Os nossos capitalistas financeirizados em Wall Street (e os seus bajuladores do governo dos EUA) ainda estão a tentar ganhar dinheiro com dinheiro ou, melhor, neste caso, a ganhar dinheiro com a especulação em vez de o ganharem através da venda de produtos acabados. “Tão rico como um argentino” ainda é válido hoje porque eles estão vendendo coisas, você sabe, produtos acabados como bens de consumo para os brasileiros e no valor de oito bilhões de dólares por ano! O grande e velho urso americano tem perambulado sem rumo por um território já marcado e falado. O Sr. Urso dos EUA, agora há uma reviravolta, sentiu o cheiro de bacon frito e tem toda a intenção de roubar em vez de ganhar por conta própria. Bem, a estratégia ou instinto se encaixa porque outra figura simbólica vem à mente, é da natureza da águia careca esperar que algum cutelo e caçador trabalhador faça todo o trabalho e então a águia começa a roubar aquela refeição. Pessoal, não podemos simplesmente jogar tudo fora na esperança de que as impressoras 3-D resolvam o problema ou, pior, comecemos a bombardear nossos parentes próximos ao sul da fronteira. Dito de outra forma, os países BRIC e PIIGS nunca nos contratarão ou permitirão que os EUA sejam a polícia do mundo. Os meios de produção, obrigado, Sr. Marx, devem regressar aos Estados Unidos e, se não puderem, então é melhor que sejamos diplomatas supremos e tipos simpáticos ou a maioria dos americanos tornar-se-ão manipuladores de dinheiro apenas para sobreviver.

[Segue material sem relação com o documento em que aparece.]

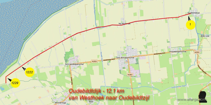 Aan de overkant van de Oudebildtdijk en de Ouwe Faart staat een prachtig huis met nr.1 van bouwjaar 1930. Daarmee hebben we de ruim 12 km lange Oudebildtdijk beginnend bij nr. 1229 en eindigend bij nummer 1 van eind tot begin gereden …

Cala é muito gentil. Giesa tem uma reputação por esse tipo de desprezível, Vulture Singer também (e sua história completa está disponível no maravilhoso livro “Vultures' Picnic” de Greg Palast. Até Gearge W Bush rejeitou uma exigência anterior semelhante a esta de Paul Singer, embora tenha sido contra o Partido Republicano, e Obama tem meios para impedir isto, mas (surpresa surpresa) recusa-se a fazê-lo. Singer arruinou vários países africanos por estes meios e não tem qualquer tipo de posição moral.
Os chineses acabaram de emprestar 600 milhões de dólares aos argentinos a taxas muito atractivas. A Argentina ficará bem, os EUA perderão no tribunal mundial para que os contribuintes paguem a conta, e Nova Iorque não será mais o lugar onde as nações emitem dívida. Bom trabalho, Sr. Elliott.
Por que nenhuma menção a George Soros?
Pelo que entendi, ele teve uma reunião recente com devedores “argentinos”?
http://www.larouchepub.com/eiw/public/1999/eirv26n23-19990604/eirv26n23-19990604_004-soros_threatens_argentina_your_l.pdf
Você recebe notícias do LaRouche?
LOL!
A Argentina é um país próspero que sofre de uma corrupção profunda que derruba esta grande nação. Os fundos de hedge os atacam. No entanto, tal como fazem os abutres, a Argentina está viva e reagindo e merece todo o apoio de outras nações que foram e são estranguladas pelos banqueiros da máfia. O mesmo aconteceu com a Grécia e Portugal, estes ladrões americanos deveriam ser detidos.
As pessoas deveriam assistir às peças do ativista de Singer. Bom exemplo está ligado http://www.fitinvestmentideas.com
Paul Singer é a face repulsiva deste tipo de ganância e com o apoio dos seus políticos pagos as coisas só vão piorar com o passar do tempo. Espero que a Argentina continue a enfrentar este tipo de violência.
Vá Argentina. Os bancos de Wall St e DC operando como parceiros no crime são muito piores, sem moral, do que você. Você tem o caminho certo.